For the Digital Futures graduate thesis exhibition, I ran the data visualization website off a local server on my computer and connected it to a large monitor. I felt it would be important to be able to see the visualization all at once rather than to be limited to scrolling through it on the screen, so I created two large posters, split into messages from Zoya and messages from me, that showed the entire span of messages over time. These posters included guiding annotations above each axes and above the sentiment legend to help lead a viewer through understanding how to read the chart. Each time frame in the time axes had an annotation, summarizing the big events of that time and what the gist of the message data at that time was about. This allowed the project to be more contextualized in the lived experiences of Zoya and I rather than an abstract visualization.
I found that the installation of this prototype and watching people interact with the interface led to new insights. Many people mentioned that they felt voyeuristic reading through the messages, and as if they were violating my privacy. This was interesting to me, as I think I have desensitized myself at this point so much that allowing private messages between my sister and I to be accessed by strangers doesn't phase me anymore.

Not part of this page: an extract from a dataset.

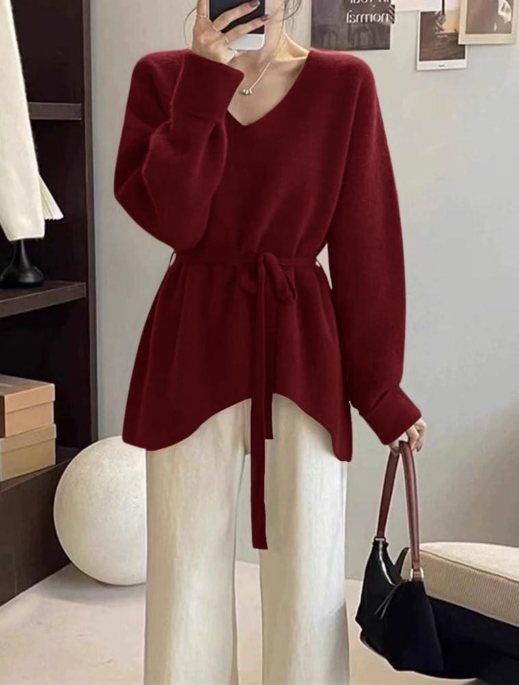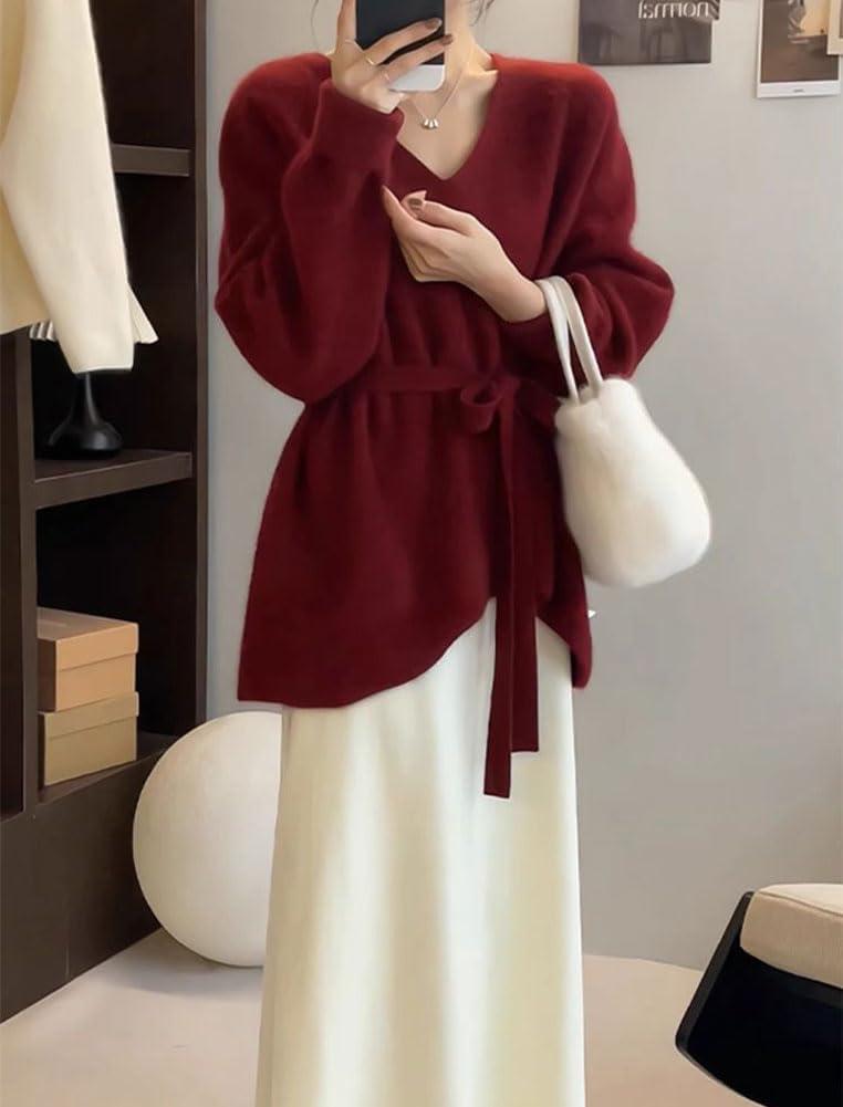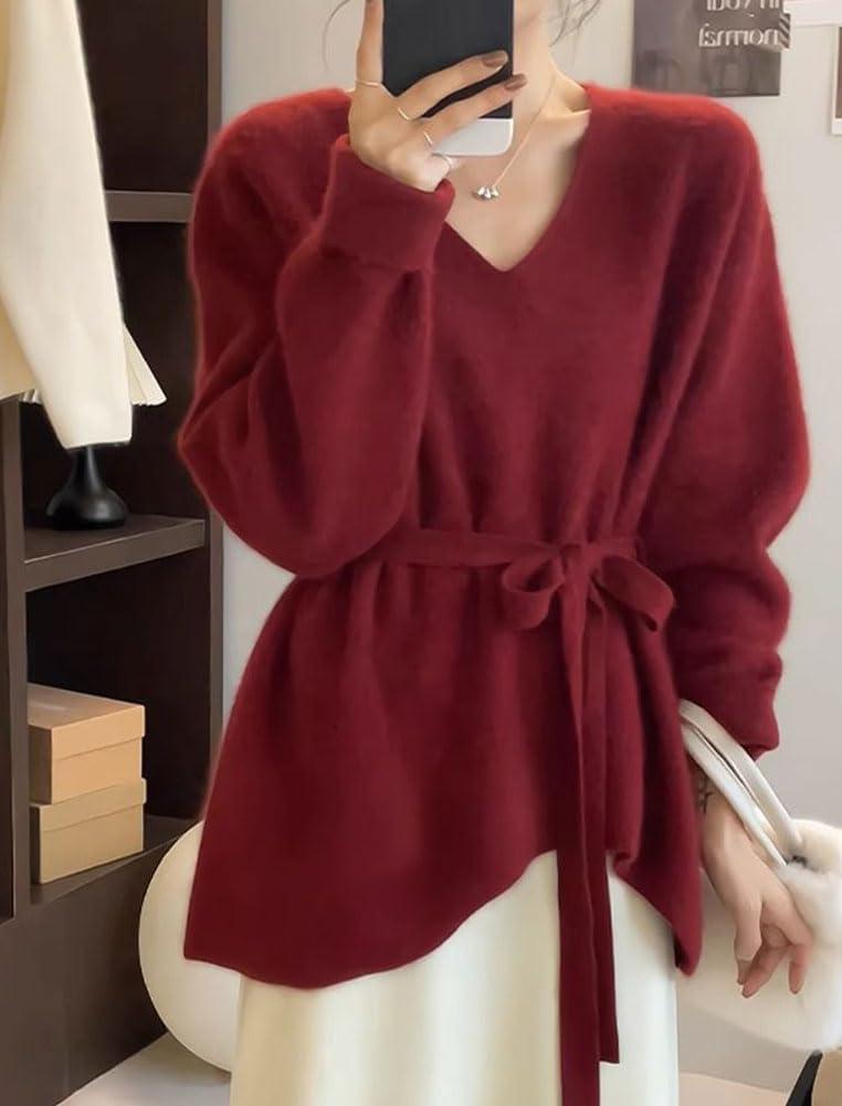 Be the first to review “chouyatou Women’s Casual V Neck Belted Pullover Sweaters Asymmetrical Hem Knitted Sweater Tunic Jumper Tops(Wine Red)” Cancel reply

During the graduate thesis exhibition, several people who had interacted with the data visualization mentioned to me the potentiality of using this to understand other relationships, as a therapeutic and reflective tool. For example, one suggested visualizing conversations and categorizing by emotion could be used in the context of couples therapy, with the potential of having a more general view of how the conversation changes over time. Using data visualization as a form of therapy is definitely intriguing, and reinforces the importance of relationships between people.
From a more UI/UX standpoint, I believe that there are many more directions that this visualization could take that would allow a user to dig deeper into the huge amount of data available. For example, I initially wanted to include the ability to change timescales. At its current state, the visualization is fixed on a monthly timescale. However, giving the user the control to change the timescale to a weekly, daily or even hourly rate would make it possible to have more control over the visualization and to isolate specific points in time.
Another feature I would have liked to include in this visualization is the ability to click onto the message itself and be taken to a different screen that displays additional statistics and information. For example, clicking on a message could show the user me or my sister's age when we sent that message, where we were living at the time, or even what kind of weather we were having during the time that message was sent. All of these additional pieces of information could help contextualize the message.
Ultimately, this is the sort of project that could be expanded in countless ways. I look forward to continuing thinking about it and am grateful to my advisors, my Digital Futures cohort, and am especially grateful to my sister for her support and consent during this project.